In drieslab/Giotto_site_suite: Spatial Single-Cell Transcriptomics Toolbox

How to contribute

We welcome contributions or suggestions from other developers and here we provide a number of rules, suggestions and tips to help you contribute to Giotto in a sustainable manner. Please contact us if you have questions or would like to discuss an addition or major modifications to the Giotto main code.

$~$

Coding Style

Following a particular programming style will help programmers read and understand source code conforming to the style, and help to avoid introducing errors. Here we present a small list of guidelines on what is considered a good practice when writing R codes in Giotto package. Most of them are adapted from Bioconductor - coding style or Google's R Style Guide. These guidelines are preferences and strongly encouraged!

Indentation
- Use 4 spaces for indenting. No tabs.
- Preferably no lines longer than 80 characters. This includes function documentations, examples, and vignette code chunks.
Function names
- Use camelCase.
- Do not use "." (in the S3 class system, some(x) where x is class A will dispatch to some.A).
- Use underscores for non-exported functions, like 'non_exported_function'.
Use of space
- Do not place a space before a comma, but always place one after a comma. This: a, b, c.
- Always use space around “=” when using named arguments to functions. This: somefunc(a = 1, b = 2).
Use of symbols
- Do not use any non-ASCII characters

$~$

Stat functions

Most Giotto commands can accept several matrix classes (DelayedMatrix, SparseM, Matrix or base matrix). To facilitate this we provide flexible wrappers that work on any type of matrix class. They can be found in the utilities.R file.

mean_flex: analogous to mean()
rowSums_flex: analogous to rowSums()
rowMeans_flex: analogous to rowMeans()
colSums_flex: analogous to colSums()
colMeans_flex: analogous to colMeans()
t_flex: analogous to t()
cor_flex: analogous to cor()

$~$

Auxiliary functions

Giotto has a number of auxiliary or convenience functions that might help you to adapt your code or write new code for Giotto. We encourage you to use these small functions to maintain uniformity throughout the code.

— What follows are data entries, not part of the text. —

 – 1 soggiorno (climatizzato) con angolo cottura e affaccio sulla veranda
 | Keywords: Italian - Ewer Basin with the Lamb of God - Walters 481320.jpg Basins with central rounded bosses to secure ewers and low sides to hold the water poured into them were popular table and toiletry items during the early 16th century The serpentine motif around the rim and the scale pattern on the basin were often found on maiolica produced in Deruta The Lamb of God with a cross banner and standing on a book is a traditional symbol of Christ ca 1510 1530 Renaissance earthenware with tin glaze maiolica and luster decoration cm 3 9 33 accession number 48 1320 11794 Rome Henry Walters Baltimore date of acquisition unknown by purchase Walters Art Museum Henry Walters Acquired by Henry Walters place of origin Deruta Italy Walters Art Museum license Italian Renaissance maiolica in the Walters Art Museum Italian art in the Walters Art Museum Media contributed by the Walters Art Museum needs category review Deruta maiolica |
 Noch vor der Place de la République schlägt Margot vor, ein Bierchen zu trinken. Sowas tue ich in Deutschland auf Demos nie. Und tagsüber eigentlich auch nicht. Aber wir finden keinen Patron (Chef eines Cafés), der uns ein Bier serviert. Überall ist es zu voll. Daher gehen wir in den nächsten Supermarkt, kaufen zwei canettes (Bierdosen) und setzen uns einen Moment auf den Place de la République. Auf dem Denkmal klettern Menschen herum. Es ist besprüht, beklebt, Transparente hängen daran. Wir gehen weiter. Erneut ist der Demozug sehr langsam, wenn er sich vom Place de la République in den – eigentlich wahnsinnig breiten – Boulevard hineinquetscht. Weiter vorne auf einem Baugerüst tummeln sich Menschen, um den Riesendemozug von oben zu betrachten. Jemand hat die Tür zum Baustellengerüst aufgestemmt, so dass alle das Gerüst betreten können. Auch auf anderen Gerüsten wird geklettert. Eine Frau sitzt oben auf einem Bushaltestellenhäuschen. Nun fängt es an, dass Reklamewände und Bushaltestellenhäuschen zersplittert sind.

lapply_flex: analogous to lapply() and works for both windows and unix systems
all_plots_save_function: compatible with Giotto instructions and helps to automatically save generated plots
determine_cores: to determine the number of cores to use if a user does not set this explicitly
get_os: to identify the operating system
update_giotto_params: will catch and store the parameters for each used command on a giotto object
package_check: to check if a package exists, works for packages on CRAN, Bioconductor and Github.

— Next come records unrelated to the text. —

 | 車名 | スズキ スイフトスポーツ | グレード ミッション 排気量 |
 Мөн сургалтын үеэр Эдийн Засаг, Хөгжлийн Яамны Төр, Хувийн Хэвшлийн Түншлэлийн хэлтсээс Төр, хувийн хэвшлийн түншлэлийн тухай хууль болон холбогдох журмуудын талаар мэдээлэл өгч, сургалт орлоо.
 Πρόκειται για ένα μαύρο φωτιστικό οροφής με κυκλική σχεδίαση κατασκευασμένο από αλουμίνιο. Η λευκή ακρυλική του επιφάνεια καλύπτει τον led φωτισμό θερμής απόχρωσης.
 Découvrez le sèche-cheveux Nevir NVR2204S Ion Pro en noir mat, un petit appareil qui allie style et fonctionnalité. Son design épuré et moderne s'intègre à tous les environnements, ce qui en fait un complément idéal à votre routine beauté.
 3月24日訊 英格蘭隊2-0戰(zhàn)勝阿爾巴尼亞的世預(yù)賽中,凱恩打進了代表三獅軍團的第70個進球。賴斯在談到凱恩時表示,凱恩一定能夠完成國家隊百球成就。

The last function should be used within your contribution code. It has the additional benefit that it will suggest the user how to download the package if it is not available. To keep the size of Giotto within limits we prefer not to add too many new dependencies.

$~$

Getters and Setters

Giotto stores information in different slots, which can be accessed through these getters and setters functions. They can be found in the accessors.R file.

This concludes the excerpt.